You'll only see files that are part of a package, any file not part of it won't show up.

so, user create configuration file, or for /lib/cpp a file create by the package itself, but not in the package list.

----------

## Hu

That file is unowned because it is a copy of the installed gcc-config helper binary.  This could have been done as a symlink to the helper, which would be a bit clearer.

----------

## jonathan183

Thanks for the responses, so far it looks as though I'm going to be stuck with either a re-run of tripwire after every package update or a Columbo job on tracking down which package did the update ... are there really no more reliable/convenient methods of doing this?

----------

## Hu

For files not managed by the package manager, there is no general way to automatically verify them.  For most files, they ought to be under package manager control.  The ones you cited are not, for various reasons.

----------

## Anon-E-moose

/usr/bin/cpp and /lib/cpp are the same and should keep the same timestamp and md5 (or whatever) sig

----------

## jonathan183

I can understand things which I generate or I have to take action after the package manager has finished ... things like the kernel and grub, but I was hoping something would be keeping track of things installed by packages - whether it's a copy of another file or not. There are also about 80 symbolic links in /usr/bin or /bin get reported as no package owner things like /usr/bin/vi linked to vim.

----------

## cboldt

/lib/cpp is installed by gcc-config.  As reported above, it is a copy of /usr/bin/cpp.  The copy is created by a script at ...

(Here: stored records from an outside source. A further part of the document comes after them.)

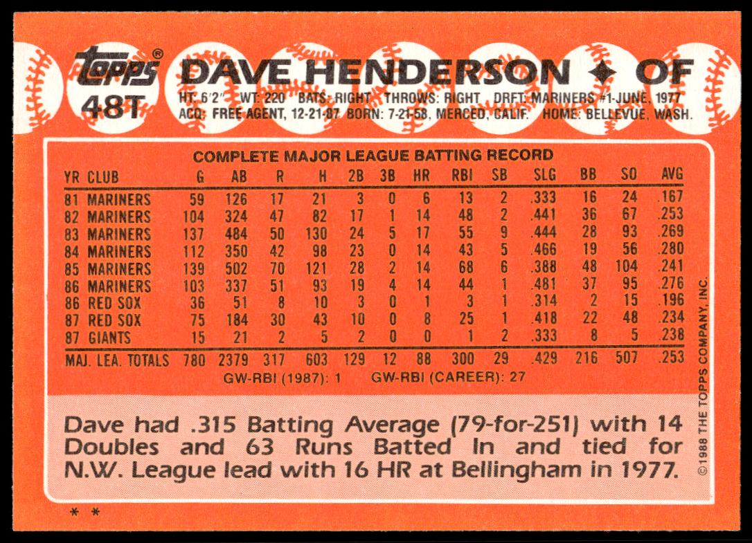 This BaseballΒ card, from 1988 is part of the Topps TradedΒ card set. Dave Henderson is featured and has a card number of 48T.
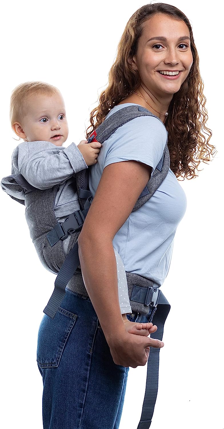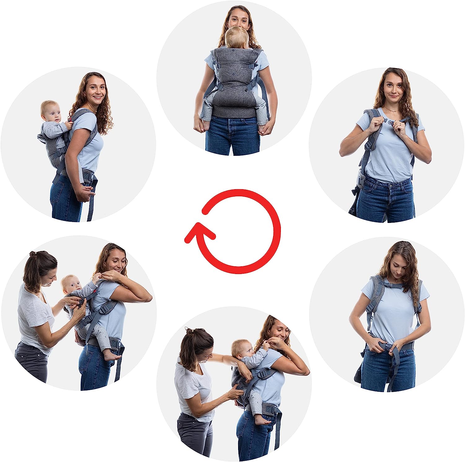 - 4 ergonomski načini nošenja dojenčka ali malčka: možnost nošenja zadaj in 2 možnosti nošenja spredaj za dojenčke in malčke; nošenje spredaj z otrokom, obrnjenim navzven, je priporočljivo od 6 mesecev naprej, nošenje zadaj s širokim sedežem pa je priporočljivo za otroke, stare 1-2 leti.
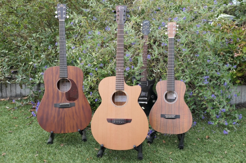 Mijn eerste gitaar was een Fender CD-60S en kort daarna een Fazley W70 zodat ik samen met mijn vriend kon spelen. Een paar jaar later heb ik van mijn verjaardagsgeld een Sigma DM-15 gekocht waar ik 3 jaar op gespeeld heb. Toen vond ik het tijd worden voor een nieuwe. Ik heb de Fender en de Fazley verkocht. En ja, ik weet de regel van Koen: “verkoop nooit je eerste gitaar”, maar ik zag de Fender niet als mijn eerste gitaar, want velen beginnen op deze gitaar. De Sigma heb ik zelf uitgekozen, dus deze gitaar beschouw ik als mijn eerste gitaar en gaat dus niet weg. Met het geld van de verkochte gitaren, verjaardagsgeld en wat extra heb ik nu een semi-akoestische gitaar erbij gekocht. Een Faith Naked Venus. Soms nam ik op vakantie ook mijn gitaar mee, maar dat nam altijd wel veel ruimte in beslag. Tijdens mijn laatste vakantie stond ik op een camping met mijn popuptentje. En ja, geen ruimte voor een grote gitaar natuurlijk. Maar wel tijd voor de webinar. Zat ik daar voor mijn tentje en zonder gitaar de webinar te volgen. Dat kan natuurlijk niet. Vandaar dat ik afgelopen zomer een reisgitaar heb aangeschaft, een Martin LXK2 Little Martin. Deze staat op mijn slaapkamer en pak ik af en toe als ik boven ben en nog zin heb om even te spelen.
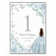Elegant Chic Baby Blue Roses Silver Quinceanera Table Number
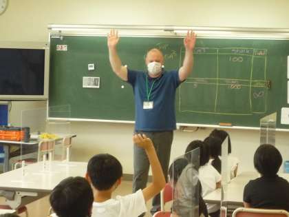 今日はいつものALTの先生とは違う先生と学習しています。とてもユニークな先生で楽しそうです。
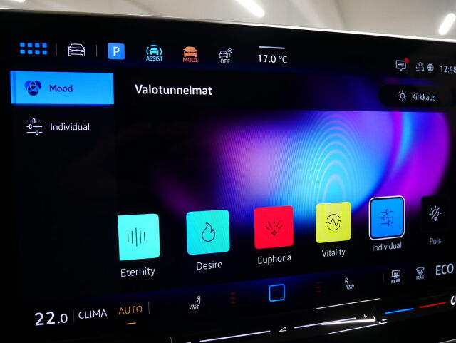 Ambiente-valaistus ohjaamossa (30 väriä), koristelistat kojelaudassa ja ovissa läpivalaistu

/usr/portage/sys-devel/gcc-config/files/gcc-config-*

As for finding all the files that are installed "without a trace," good question!  gcruft.pl is designed to pick up files that aren't listed in the /var/db/pkg tree (which is another good place to run `grep -r [targetfile] /var/db/pkg/*).   gcruft.pl uses the string "$libmap", which is plain old "lib" on my system.  /$libmap/cpp is listed as an expected unaccounted file, in /usr/share/gcruft/exceptions/sys-devel/gcc-config.pl

Even with its built in list of exceptions (files expected to be unaccounted by portage), gcruft.pl threw up a list of some 250 files (not counting all the expected files in /usr/src and /lib/modules) that were not installed by a package, but do belong on my system.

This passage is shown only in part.